Azure Document Intelligence (Repository Option)

From Grooper Wiki

This article is about the current version of Grooper.

Note that some content may still need to be updated.

2025

Azure Document Intelligence is a Repository Option that connects Grooper to an existing Document Intelligence service in an Azure environment. This enables several features that leverage Azure Document Intelligence for exceptional document analysis, including machine print and handwritten text extraction (OCR), layout data collection, and document structure analysis.

Overview of Azure Document Intelligence in Grooper

Azure Document Intelligence is a cloud service from Microsoft that provides intelligent document processing capabilities, including text extraction, layout analysis, and semantic understanding. Grooper connects to a Document Intelligence service by enabling and configuring the Azure Document Intelligence Repository Option. This is configured on the Grooper database Root node and provides connectivity by entering an API key and a resource name.

With the Azure Document Intelligence option added and configured, Grooper leverages the Document Intelligence service in two primary ways:

  • The Azure DI OCR engine - Used for text extraction and layout data collection by the Recognize activity.
  • The DI Analyze activity - Used for comprehensive document analysis that can be leveraged by Grooper's AI-enabled features (including AI Extract).
    • This analysis results in a JSON data file that is used by the DI Layout Quoting Method when configuring AI-enabled features.

FYI

What if I want to use both DI Analyze and Azure DI OCR? Does that mean the document gets sent to Azure twice?

Nope. You just need to run DI Analyze first.

Running DI Analyze will create a set of JSON files for each document and their child pages. When an OCR Profile uses Azure DI OCR, it will first look to see if one of these files exists. If so, it will get the text data from it, rather than making a duplicate call to the Document Intelligence service.

Key similarities and differences between DI Analyze and Azure DI OCR

Similarities

Azure DI OCR and DI Analyze have several things in common.

  • Both utilize the Document Intelligence service Grooper connects to using the Azure Document Intelligence option added to the Grooper Root.
  • Both have access to the same models (although they utilize them differently).
    • Be aware, Grooper's current integration with Azure Document Intelligence has focused on using the prebuilt-read and prebuilt-layout models.
  • Both can process page images and a Batch Folder's attachment file.

Differences

While both methods utilize Azure Document Intelligence, they differ in scope, output, and intended use:

Azure DI OCR
  • Focuses on OCR (text recognition) for machine and hand print and layout data collection.
    • Using the prebuilt-read will perform text recognition only. Using the prebuilt-layout model layout data is also collected. Lines, checkboxes and (optionally) barcodes will be saved to the layout data file created by Recognize.
  • Configured as an OCR Engine within Grooper's OCR Profile.
  • Results can be used with Grooper's Value Extractions (Pattern Match, Labeled OMR, Labeled Value, etc.)
  • Aligns Azure OCR results with Grooper's internal OCR engines for enhanced accuracy.
DI Analyze
  • Performs full document analysis, extracting text, layout, style, and semantic data.
  • Enables advanced AI workflows, including LLM prompt injection and "spatial grounding" to improve document highlighting when aligning an LLM's response back to the Grooper document.
  • When run on the folder level, can be configured to prefer the folder's child pages (default) or attachment file.
  • When run on the folder level, DI layout data is saved to both the folder and its child pages.
  • Using the DI Layout Quoting Method, AI-enabled features can access results in text, markdown and HTML formats.
  • Results cannot be used with Grooper's Value Extractions (Pattern Match, Labeled OMR, Labeled Value, etc.).

Adding and configuring the Azure Document Intelligence option

You must add the Azure Document Intelligence option to the Grooper Root before using Azure DI OCR or DI Analyze. These features will not function without it.

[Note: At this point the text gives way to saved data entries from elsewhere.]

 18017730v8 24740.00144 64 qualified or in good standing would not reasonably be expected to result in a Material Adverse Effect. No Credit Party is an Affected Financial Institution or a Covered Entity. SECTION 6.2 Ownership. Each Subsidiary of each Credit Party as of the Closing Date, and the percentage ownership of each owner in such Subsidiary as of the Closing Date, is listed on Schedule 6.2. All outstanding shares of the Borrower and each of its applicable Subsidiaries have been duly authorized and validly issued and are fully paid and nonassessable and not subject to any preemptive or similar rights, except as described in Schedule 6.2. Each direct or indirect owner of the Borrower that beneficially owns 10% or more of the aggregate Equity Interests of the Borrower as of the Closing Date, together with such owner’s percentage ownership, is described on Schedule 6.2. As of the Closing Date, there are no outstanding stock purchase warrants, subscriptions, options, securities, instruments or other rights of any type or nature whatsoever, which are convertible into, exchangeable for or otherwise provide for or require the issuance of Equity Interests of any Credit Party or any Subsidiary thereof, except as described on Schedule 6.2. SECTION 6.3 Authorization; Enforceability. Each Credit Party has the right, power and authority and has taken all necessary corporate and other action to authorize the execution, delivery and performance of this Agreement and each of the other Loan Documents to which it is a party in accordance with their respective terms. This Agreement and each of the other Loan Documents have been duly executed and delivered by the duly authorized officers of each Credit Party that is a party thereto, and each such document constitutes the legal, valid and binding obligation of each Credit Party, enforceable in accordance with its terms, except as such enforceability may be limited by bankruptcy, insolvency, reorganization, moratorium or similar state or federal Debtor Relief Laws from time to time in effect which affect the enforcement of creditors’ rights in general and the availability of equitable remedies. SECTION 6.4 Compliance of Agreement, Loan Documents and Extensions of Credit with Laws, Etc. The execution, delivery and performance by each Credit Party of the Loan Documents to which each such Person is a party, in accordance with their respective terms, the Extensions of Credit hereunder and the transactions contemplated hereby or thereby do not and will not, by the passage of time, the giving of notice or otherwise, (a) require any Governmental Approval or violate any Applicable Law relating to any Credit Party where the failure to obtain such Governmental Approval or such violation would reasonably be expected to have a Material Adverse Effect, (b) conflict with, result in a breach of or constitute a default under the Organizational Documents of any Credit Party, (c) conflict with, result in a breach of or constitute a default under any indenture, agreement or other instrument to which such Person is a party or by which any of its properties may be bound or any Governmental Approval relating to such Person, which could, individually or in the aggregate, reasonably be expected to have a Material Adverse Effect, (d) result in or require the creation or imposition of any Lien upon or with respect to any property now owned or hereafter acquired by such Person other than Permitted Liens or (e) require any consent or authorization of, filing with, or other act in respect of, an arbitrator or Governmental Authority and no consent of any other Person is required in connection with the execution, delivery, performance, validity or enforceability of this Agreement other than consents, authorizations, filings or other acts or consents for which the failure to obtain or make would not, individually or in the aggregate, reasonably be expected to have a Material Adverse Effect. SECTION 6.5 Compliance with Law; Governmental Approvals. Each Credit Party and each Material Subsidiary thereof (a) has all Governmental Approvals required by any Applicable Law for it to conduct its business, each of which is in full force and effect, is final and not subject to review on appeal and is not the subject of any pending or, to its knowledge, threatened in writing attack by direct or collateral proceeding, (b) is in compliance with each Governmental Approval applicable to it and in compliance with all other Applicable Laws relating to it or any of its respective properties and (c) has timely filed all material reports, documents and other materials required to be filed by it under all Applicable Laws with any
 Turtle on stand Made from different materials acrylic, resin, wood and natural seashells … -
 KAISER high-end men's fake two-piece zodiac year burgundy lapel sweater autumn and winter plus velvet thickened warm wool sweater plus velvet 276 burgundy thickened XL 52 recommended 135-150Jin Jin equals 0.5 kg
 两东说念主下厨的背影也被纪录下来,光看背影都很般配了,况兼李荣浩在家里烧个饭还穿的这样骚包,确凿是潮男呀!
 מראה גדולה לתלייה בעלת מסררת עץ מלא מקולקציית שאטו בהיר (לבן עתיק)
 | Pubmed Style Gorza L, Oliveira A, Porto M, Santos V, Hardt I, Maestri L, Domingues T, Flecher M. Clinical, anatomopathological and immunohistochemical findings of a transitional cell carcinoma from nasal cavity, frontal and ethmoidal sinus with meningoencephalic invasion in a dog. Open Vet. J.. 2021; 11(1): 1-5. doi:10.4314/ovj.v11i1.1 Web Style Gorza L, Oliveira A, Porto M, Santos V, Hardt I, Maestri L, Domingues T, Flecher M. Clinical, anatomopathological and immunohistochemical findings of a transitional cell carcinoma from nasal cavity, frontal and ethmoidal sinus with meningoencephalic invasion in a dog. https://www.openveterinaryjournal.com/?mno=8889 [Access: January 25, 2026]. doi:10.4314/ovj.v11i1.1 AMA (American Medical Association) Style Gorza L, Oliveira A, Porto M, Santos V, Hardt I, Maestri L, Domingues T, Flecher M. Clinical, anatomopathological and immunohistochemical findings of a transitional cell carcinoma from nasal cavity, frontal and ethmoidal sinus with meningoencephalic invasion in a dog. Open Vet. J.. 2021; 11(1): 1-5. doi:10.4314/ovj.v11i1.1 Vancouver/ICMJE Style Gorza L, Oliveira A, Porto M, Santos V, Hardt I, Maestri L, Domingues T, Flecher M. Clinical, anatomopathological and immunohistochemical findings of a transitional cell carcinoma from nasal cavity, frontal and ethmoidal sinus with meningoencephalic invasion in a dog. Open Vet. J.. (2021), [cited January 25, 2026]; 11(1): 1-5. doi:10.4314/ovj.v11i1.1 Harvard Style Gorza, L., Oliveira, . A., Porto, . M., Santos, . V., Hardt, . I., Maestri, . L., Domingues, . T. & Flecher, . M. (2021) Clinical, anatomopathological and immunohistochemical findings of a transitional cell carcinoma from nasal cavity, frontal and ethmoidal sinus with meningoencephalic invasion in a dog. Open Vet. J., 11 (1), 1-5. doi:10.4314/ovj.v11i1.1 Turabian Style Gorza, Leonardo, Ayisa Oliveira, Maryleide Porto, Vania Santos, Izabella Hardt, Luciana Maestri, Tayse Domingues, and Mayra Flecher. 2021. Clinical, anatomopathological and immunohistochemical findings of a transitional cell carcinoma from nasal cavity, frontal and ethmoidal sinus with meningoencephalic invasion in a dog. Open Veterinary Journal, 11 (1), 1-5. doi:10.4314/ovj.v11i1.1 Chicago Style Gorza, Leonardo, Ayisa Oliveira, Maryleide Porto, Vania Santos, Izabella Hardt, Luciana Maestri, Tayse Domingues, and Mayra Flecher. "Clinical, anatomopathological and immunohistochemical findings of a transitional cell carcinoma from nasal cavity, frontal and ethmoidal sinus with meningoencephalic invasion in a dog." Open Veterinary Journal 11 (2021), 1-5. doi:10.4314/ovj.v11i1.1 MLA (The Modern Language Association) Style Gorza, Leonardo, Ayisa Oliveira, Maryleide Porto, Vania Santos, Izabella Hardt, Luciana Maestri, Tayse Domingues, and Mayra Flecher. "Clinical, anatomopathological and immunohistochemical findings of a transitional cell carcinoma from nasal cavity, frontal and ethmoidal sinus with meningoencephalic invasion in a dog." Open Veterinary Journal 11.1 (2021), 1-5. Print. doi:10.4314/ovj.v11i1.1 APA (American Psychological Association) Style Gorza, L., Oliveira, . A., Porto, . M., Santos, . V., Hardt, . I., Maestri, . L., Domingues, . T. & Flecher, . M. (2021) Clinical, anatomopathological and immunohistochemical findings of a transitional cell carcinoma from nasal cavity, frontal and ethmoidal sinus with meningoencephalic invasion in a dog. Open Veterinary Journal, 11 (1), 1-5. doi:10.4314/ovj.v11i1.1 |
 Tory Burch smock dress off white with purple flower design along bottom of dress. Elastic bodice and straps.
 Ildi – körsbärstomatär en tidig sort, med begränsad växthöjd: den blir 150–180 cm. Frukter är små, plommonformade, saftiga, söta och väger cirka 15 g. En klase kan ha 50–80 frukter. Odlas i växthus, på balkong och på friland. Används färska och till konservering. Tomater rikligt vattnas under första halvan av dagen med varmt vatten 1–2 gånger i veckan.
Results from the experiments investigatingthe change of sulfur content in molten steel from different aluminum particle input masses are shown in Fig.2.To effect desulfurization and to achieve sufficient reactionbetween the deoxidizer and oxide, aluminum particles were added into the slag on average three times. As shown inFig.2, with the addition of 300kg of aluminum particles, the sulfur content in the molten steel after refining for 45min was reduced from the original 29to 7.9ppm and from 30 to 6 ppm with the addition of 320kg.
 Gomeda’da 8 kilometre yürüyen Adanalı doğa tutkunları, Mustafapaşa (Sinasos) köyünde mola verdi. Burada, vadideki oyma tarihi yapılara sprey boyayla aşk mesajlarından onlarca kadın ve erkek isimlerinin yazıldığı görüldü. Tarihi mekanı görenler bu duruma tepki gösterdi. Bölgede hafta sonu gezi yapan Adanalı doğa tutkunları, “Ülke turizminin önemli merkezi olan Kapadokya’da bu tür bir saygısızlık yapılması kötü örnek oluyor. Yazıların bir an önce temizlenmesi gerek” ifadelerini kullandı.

Adding and configuring the Azure Document Intelligence option in Grooper is simple.

  1. From the Design page, go to the database Root node.
  2. Open the "Options" editor (Press the "..." button).
  3. Press the Add button (add_circle) and select "Azure Document Intelligence" from the dropdown.
  4. In the "API Key" property, enter your Document Intelligence service's API key (from your Azure portal).
  5. In the "Resource Name" property, enter the Document Intelligence service's resource name (from your Azure portal).